Pfft. Simple. I mean, I have a Ph.D. I can figure this out, right?

So I got my tool box and started taking things apart. Here’s something handy I learned: Turn OFF the water source before you get started. After I learned that lesson, things …um, escalated. I quickly found that to get to the one thing I wanted to replace, I’d have to take three other things apart so I could disassemble another thing so that I could reach the first thing. About 10 minutes later, this is what my toilet looked like:



Yeah, this was a deeper foray into the realm of home repair than I expected, and at this point Ger was getting kind of worried. I think she had images of my banging on things with hammers and getting a torrent of water in the face while Lucy and Ethel ran around in the background stuffing chocolates down their shirts. I eventually had every piece of the toilet separated from every other possible piece, creating a porcelain jigsaw puzzle that I quickly lost track of.

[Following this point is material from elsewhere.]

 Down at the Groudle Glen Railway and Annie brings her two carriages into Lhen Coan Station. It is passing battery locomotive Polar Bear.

Finally, though, I replaced the parts that needed it, including the one for which I had substituted a trash bag zip-tie a few weeks earlier. I reassembled the toilet, filled the tank, and flushed it.

You can probably guess what happened. Water. Everywhere. Squirting out of the toilet from some unknown orifice. I’m just glad I didn’t decide to go with a more shall we say “realistic” test of the toilet’s functions.

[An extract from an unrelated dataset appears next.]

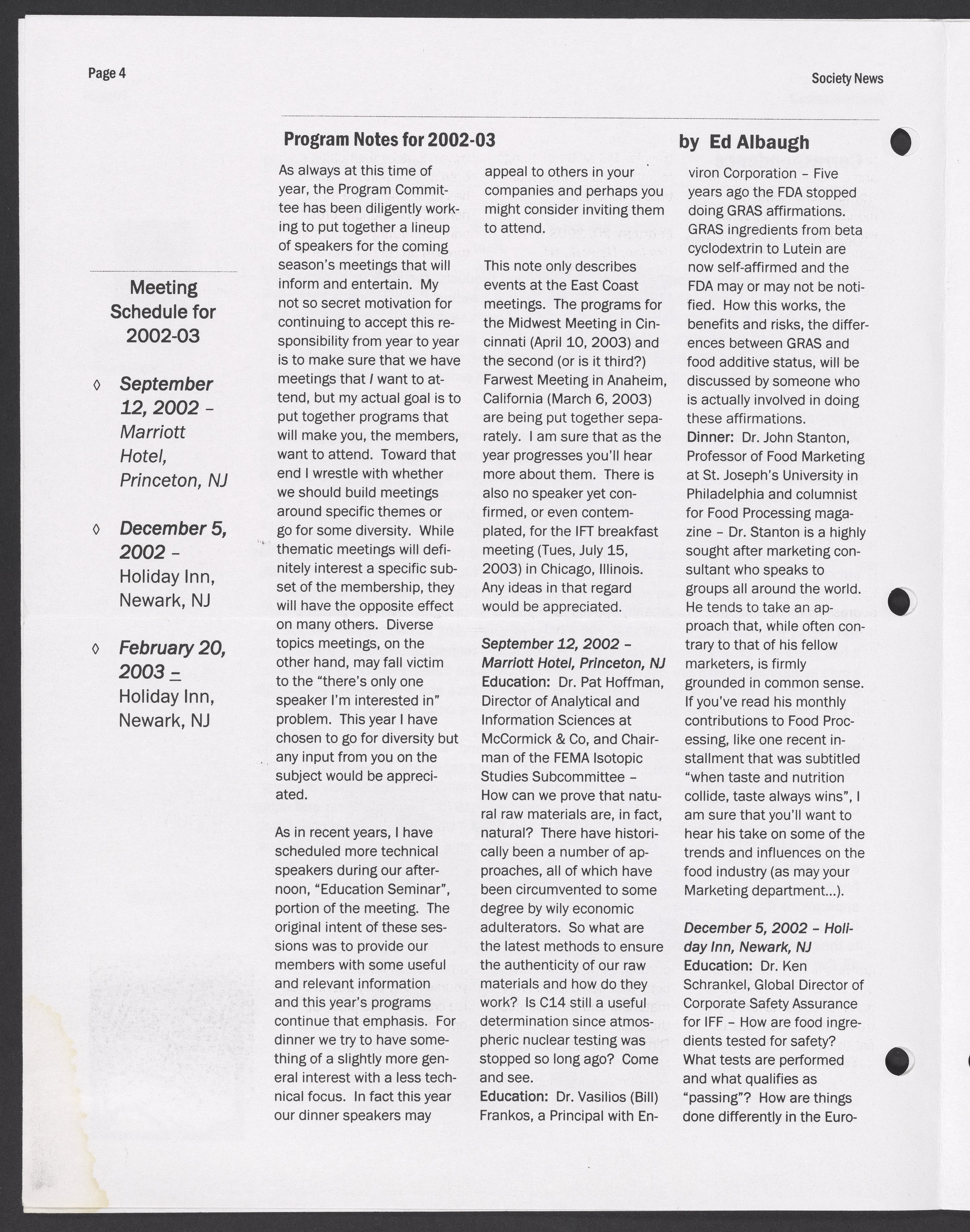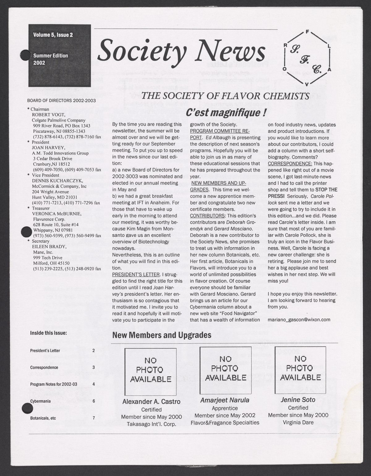 Society News, Volume 5, Issue 2

After a bit of mopping up and disassembling and refitting seals and reassembling, things were finally set right. It flushed with no leakage and I marched into the other room so I could announce to Geralyn that she was now able to flush her bodily waste with confidence. She just kind of rolled her eyes as she often does, but I was too high on my own handy self and came in here to write this post.

A few minutes after I started, Geralyn came in, a kind of “gee I hate to tell you this” look on her face. The toilet wasn’t leaking, but it was still running. It was, in other words, still doing that little annoying thing that had set me down this soggy path in the first place.

So, anyway. Anyone know a good plumber?